━━ DATA SHOWN ━━

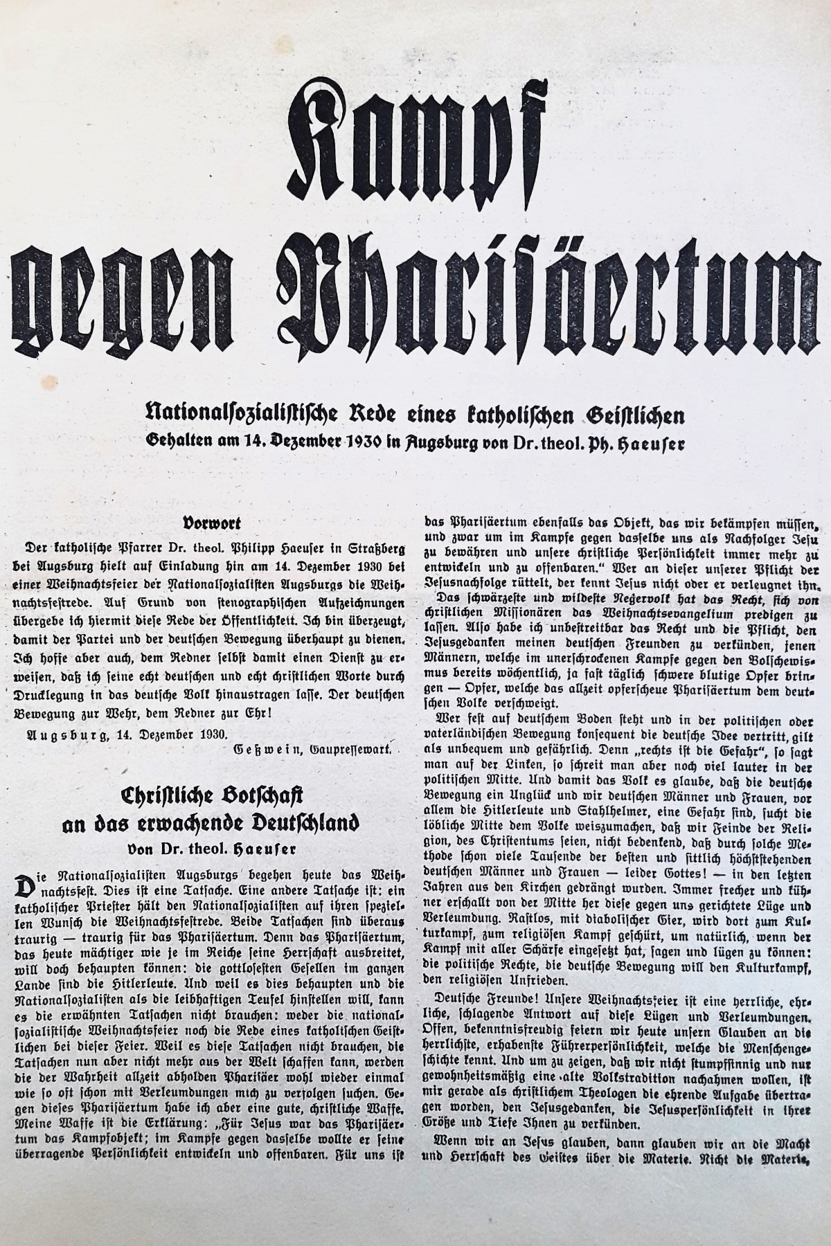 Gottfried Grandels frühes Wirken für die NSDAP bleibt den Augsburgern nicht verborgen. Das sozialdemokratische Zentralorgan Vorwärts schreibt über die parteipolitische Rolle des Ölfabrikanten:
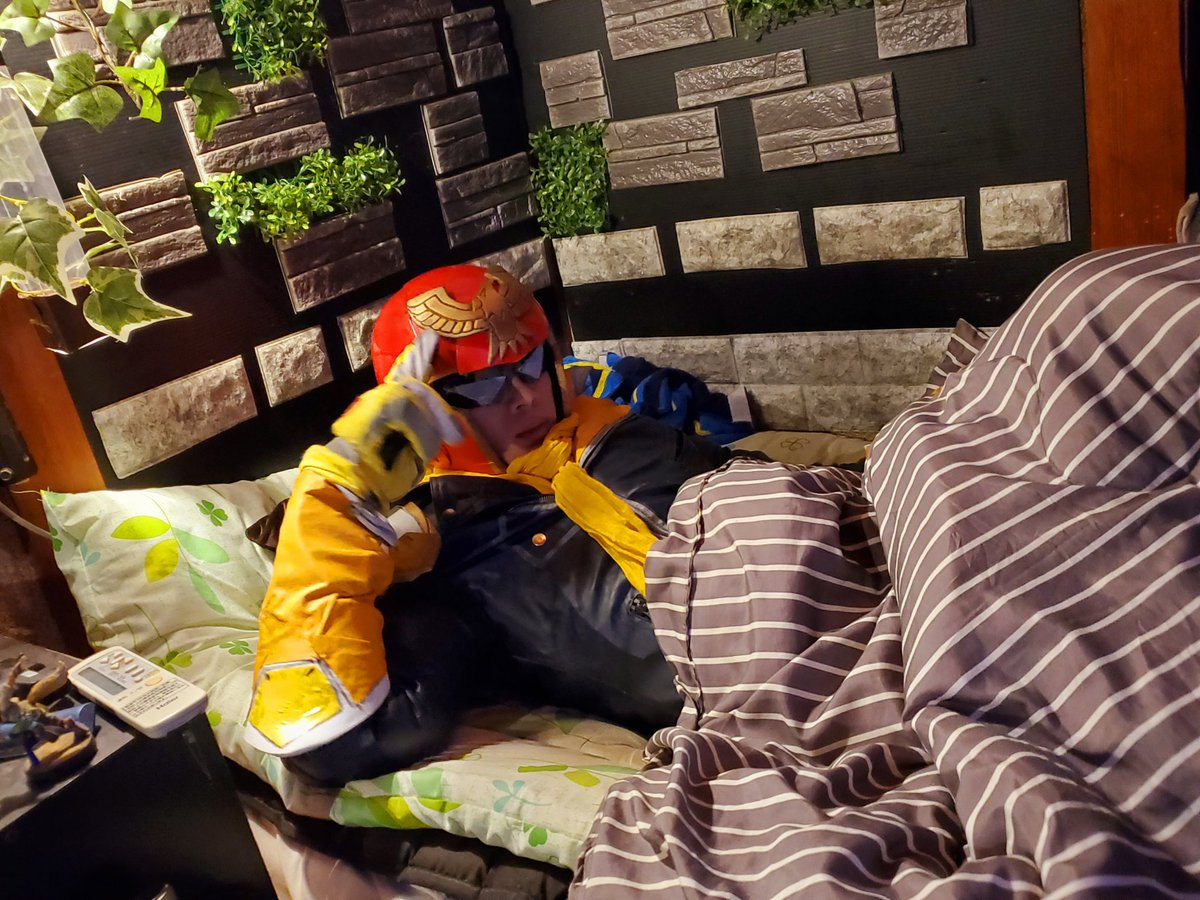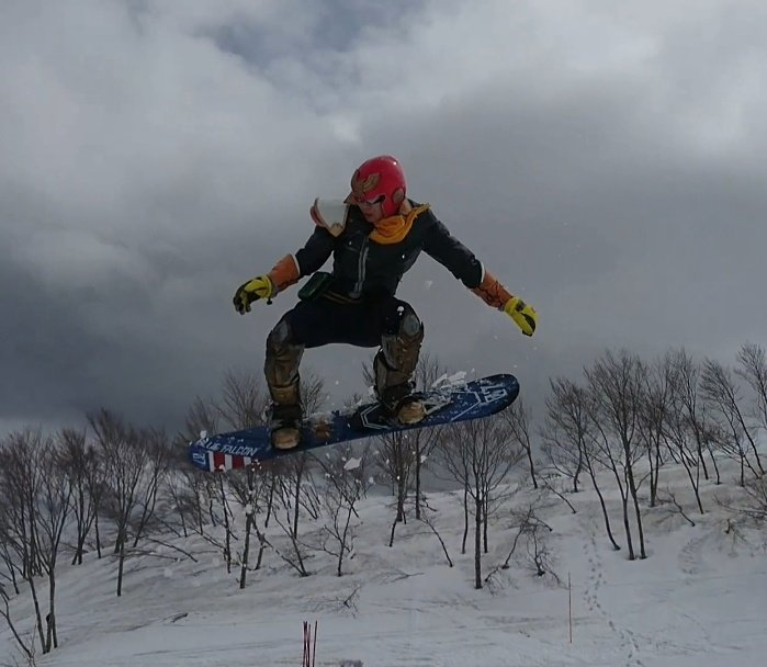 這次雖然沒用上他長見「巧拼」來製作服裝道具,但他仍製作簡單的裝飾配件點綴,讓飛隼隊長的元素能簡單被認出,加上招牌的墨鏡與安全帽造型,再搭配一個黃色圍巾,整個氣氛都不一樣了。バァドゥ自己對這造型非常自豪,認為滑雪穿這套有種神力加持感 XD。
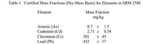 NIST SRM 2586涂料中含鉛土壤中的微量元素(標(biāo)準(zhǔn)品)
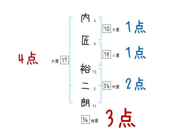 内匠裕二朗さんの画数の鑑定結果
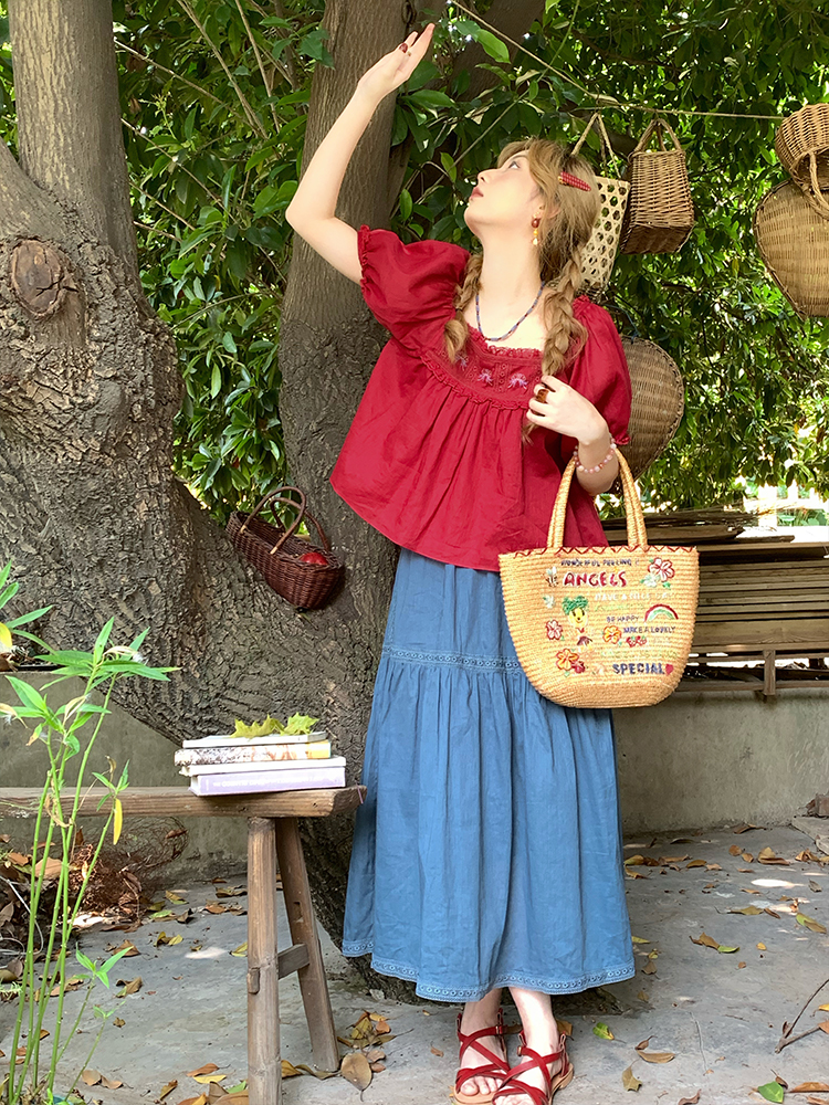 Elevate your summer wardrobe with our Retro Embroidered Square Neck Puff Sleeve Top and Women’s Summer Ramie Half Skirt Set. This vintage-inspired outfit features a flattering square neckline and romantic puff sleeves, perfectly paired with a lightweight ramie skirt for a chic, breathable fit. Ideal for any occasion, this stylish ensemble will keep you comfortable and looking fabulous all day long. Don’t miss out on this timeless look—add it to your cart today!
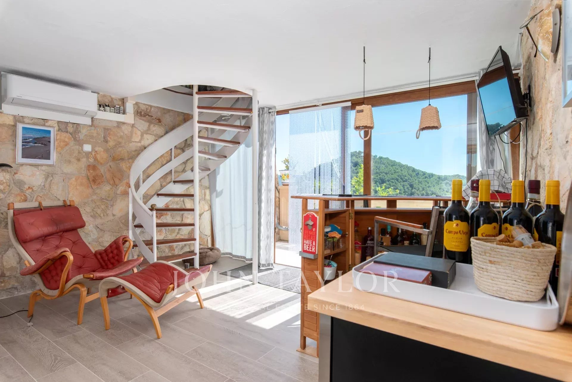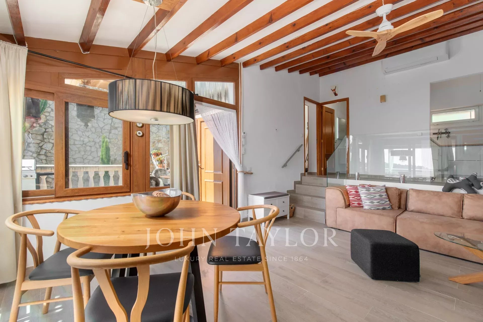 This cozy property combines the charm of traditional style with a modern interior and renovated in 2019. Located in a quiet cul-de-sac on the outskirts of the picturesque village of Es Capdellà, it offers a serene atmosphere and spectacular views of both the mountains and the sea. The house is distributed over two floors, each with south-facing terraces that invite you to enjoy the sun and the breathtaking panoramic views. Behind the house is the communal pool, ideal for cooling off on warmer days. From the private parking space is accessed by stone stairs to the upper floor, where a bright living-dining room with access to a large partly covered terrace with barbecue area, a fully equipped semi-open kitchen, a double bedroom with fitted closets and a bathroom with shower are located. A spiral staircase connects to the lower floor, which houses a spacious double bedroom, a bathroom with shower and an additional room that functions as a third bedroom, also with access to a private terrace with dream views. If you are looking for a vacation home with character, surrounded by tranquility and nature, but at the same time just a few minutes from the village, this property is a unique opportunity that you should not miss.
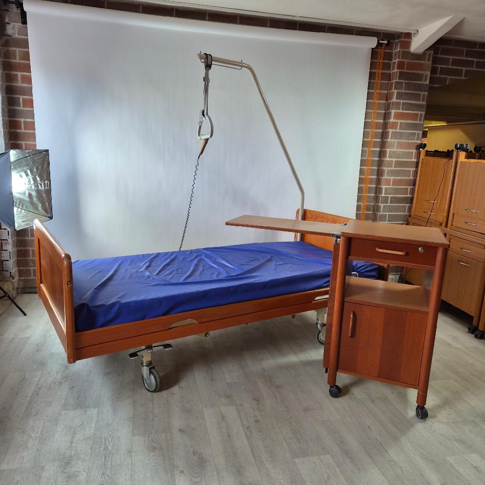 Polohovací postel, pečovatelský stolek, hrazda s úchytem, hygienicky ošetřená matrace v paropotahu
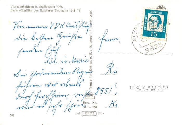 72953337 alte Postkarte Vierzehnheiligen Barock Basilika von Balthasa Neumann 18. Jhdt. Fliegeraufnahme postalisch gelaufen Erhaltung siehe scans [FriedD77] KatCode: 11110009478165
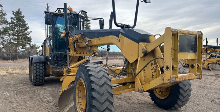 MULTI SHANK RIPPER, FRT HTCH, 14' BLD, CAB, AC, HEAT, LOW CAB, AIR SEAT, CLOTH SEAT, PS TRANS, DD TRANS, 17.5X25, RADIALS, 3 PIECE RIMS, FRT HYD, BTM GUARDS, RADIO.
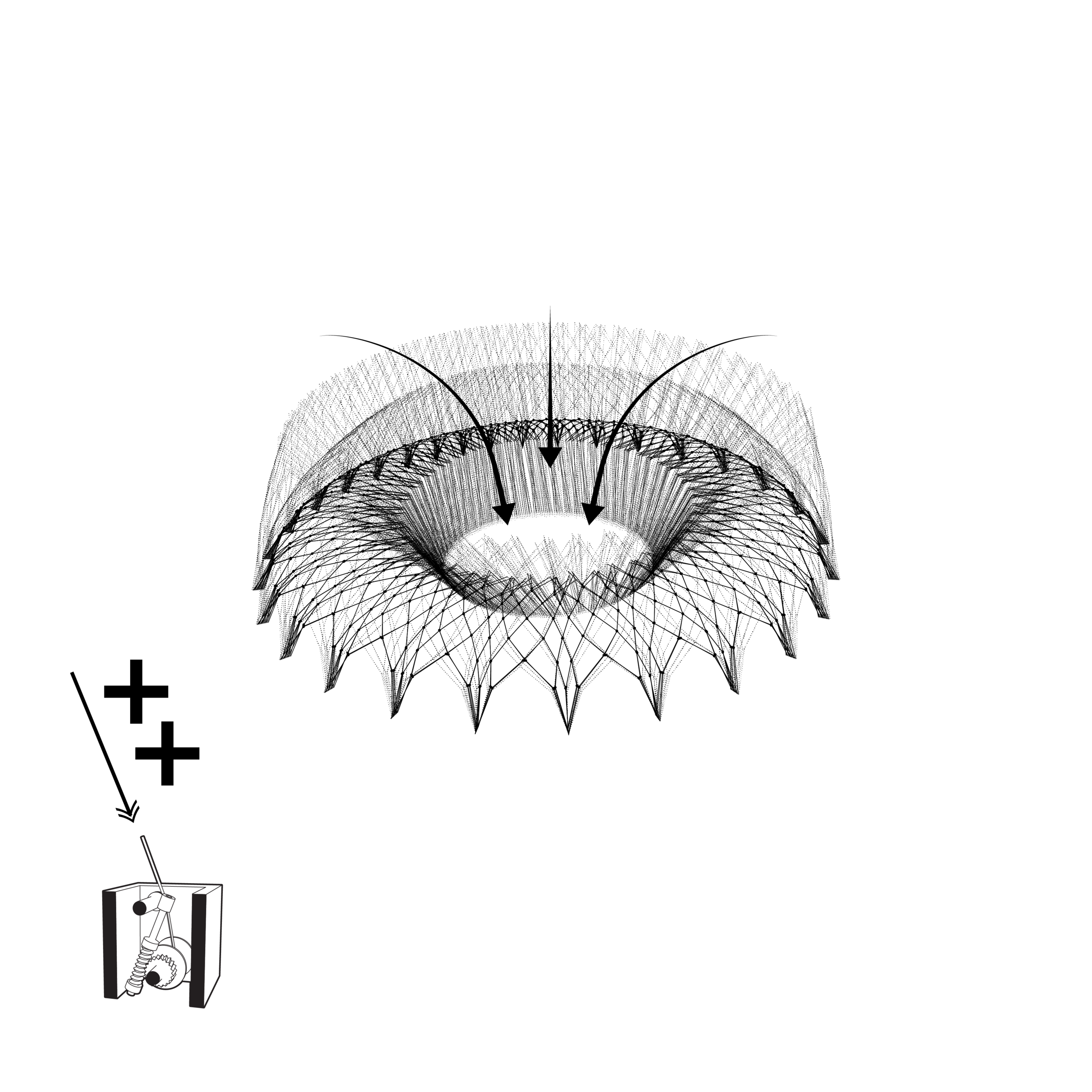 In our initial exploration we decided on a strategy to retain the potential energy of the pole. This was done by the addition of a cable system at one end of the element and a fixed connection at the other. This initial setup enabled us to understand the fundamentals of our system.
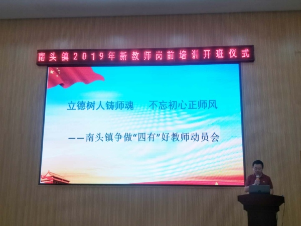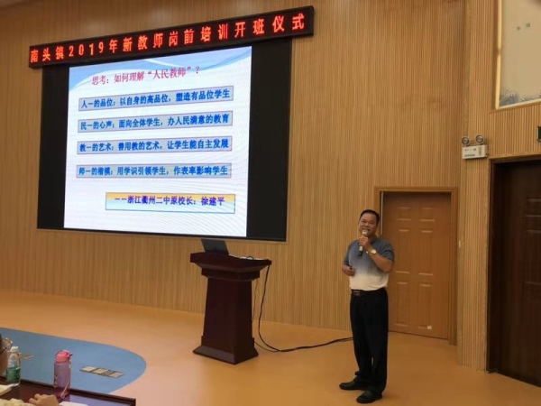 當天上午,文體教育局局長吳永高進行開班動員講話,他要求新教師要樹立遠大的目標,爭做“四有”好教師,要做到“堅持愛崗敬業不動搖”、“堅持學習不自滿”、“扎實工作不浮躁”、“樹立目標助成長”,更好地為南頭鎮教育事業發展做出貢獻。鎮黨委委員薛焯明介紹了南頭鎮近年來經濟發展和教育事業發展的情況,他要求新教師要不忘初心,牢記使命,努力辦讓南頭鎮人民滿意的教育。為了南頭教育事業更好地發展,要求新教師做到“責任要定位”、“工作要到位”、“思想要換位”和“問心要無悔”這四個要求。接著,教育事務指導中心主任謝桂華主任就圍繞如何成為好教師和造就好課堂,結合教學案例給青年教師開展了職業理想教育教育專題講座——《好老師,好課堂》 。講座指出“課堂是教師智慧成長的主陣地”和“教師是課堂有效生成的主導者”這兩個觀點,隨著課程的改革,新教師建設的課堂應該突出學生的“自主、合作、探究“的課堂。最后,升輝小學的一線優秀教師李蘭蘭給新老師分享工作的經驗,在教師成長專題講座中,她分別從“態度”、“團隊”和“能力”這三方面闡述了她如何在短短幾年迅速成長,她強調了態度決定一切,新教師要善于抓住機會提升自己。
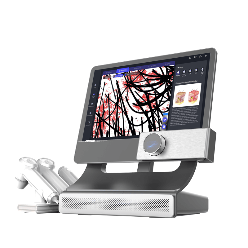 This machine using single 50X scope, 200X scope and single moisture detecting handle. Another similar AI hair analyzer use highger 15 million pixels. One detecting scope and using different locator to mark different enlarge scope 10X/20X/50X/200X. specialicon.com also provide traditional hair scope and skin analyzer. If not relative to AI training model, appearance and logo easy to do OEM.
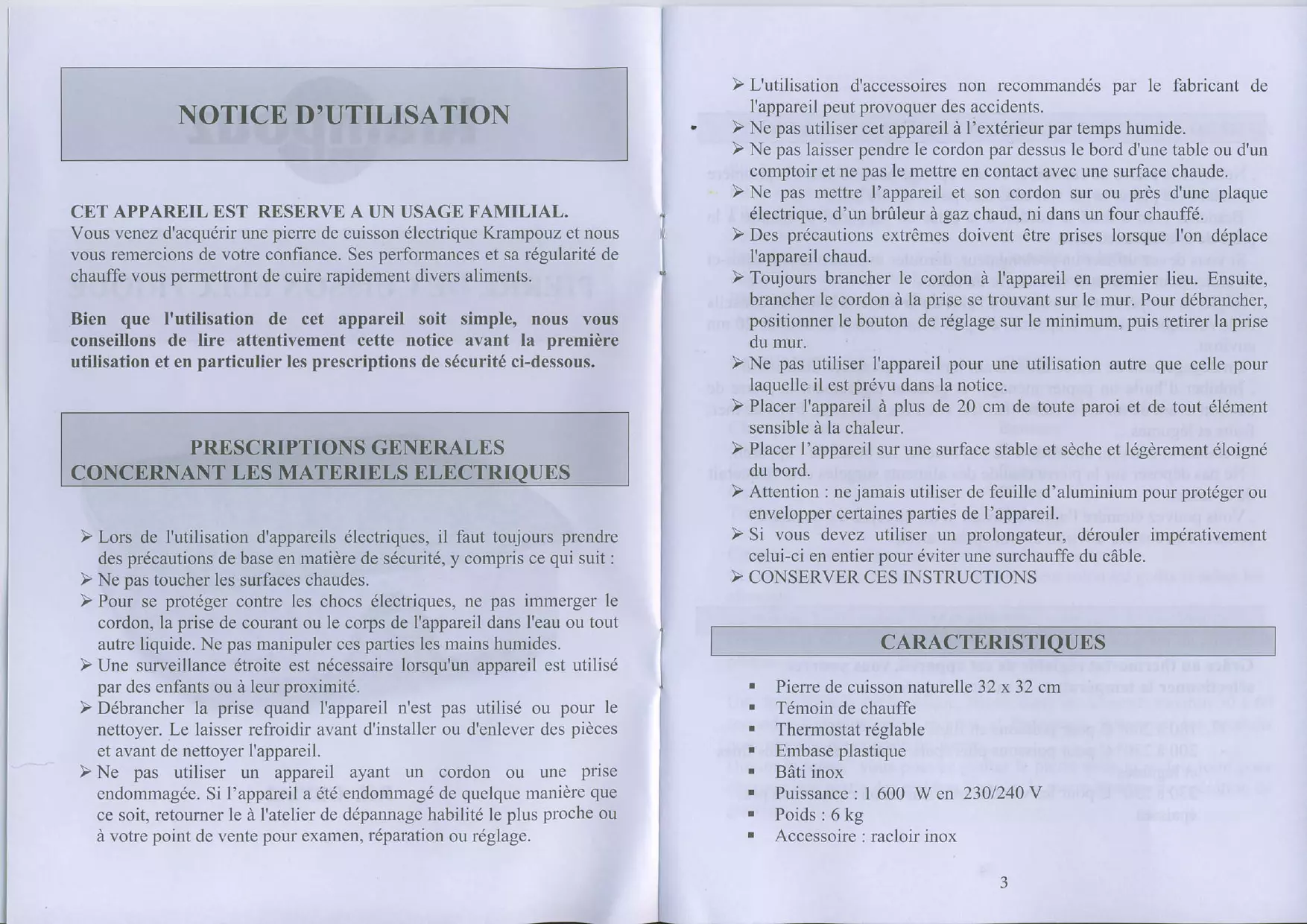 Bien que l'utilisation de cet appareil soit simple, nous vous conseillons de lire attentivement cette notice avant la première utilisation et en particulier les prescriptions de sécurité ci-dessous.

━━━

▶ **WHAT THE TASK ASKS**: Copy nothing but the lines above that run from the one with "内匠裕二朗さんの画数の鑑定結果" to the one with "MULTI SHANK RIPPER, FRT", ends included; pictures stay out.

▶ **ANSWER SECTION**:
 内匠裕二朗さんの画数の鑑定結果
 Elevate your summer wardrobe with our Retro Embroidered Square Neck Puff Sleeve Top and Women’s Summer Ramie Half Skirt Set. This vintage-inspired outfit features a flattering square neckline and romantic puff sleeves, perfectly paired with a lightweight ramie skirt for a chic, breathable fit. Ideal for any occasion, this stylish ensemble will keep you comfortable and looking fabulous all day long. Don’t miss out on this timeless look—add it to your cart today!
 This cozy property combines the charm of traditional style with a modern interior and renovated in 2019. Located in a quiet cul-de-sac on the outskirts of the picturesque village of Es Capdellà, it offers a serene atmosphere and spectacular views of both the mountains and the sea. The house is distributed over two floors, each with south-facing terraces that invite you to enjoy the sun and the breathtaking panoramic views. Behind the house is the communal pool, ideal for cooling off on warmer days. From the private parking space is accessed by stone stairs to the upper floor, where a bright living-dining room with access to a large partly covered terrace with barbecue area, a fully equipped semi-open kitchen, a double bedroom with fitted closets and a bathroom with shower are located. A spiral staircase connects to the lower floor, which houses a spacious double bedroom, a bathroom with shower and an additional room that functions as a third bedroom, also with access to a private terrace with dream views. If you are looking for a vacation home with character, surrounded by tranquility and nature, but at the same time just a few minutes from the village, this property is a unique opportunity that you should not miss.
 Polohovací postel, pečovatelský stolek, hrazda s úchytem, hygienicky ošetřená matrace v paropotahu
 72953337 alte Postkarte Vierzehnheiligen Barock Basilika von Balthasa Neumann 18. Jhdt. Fliegeraufnahme postalisch gelaufen Erhaltung siehe scans [FriedD77] KatCode: 11110009478165
 MULTI SHANK RIPPER, FRT HTCH, 14' BLD, CAB, AC, HEAT, LOW CAB, AIR SEAT, CLOTH SEAT, PS TRANS, DD TRANS, 17.5X25, RADIALS, 3 PIECE RIMS, FRT HYD, BTM GUARDS, RADIO.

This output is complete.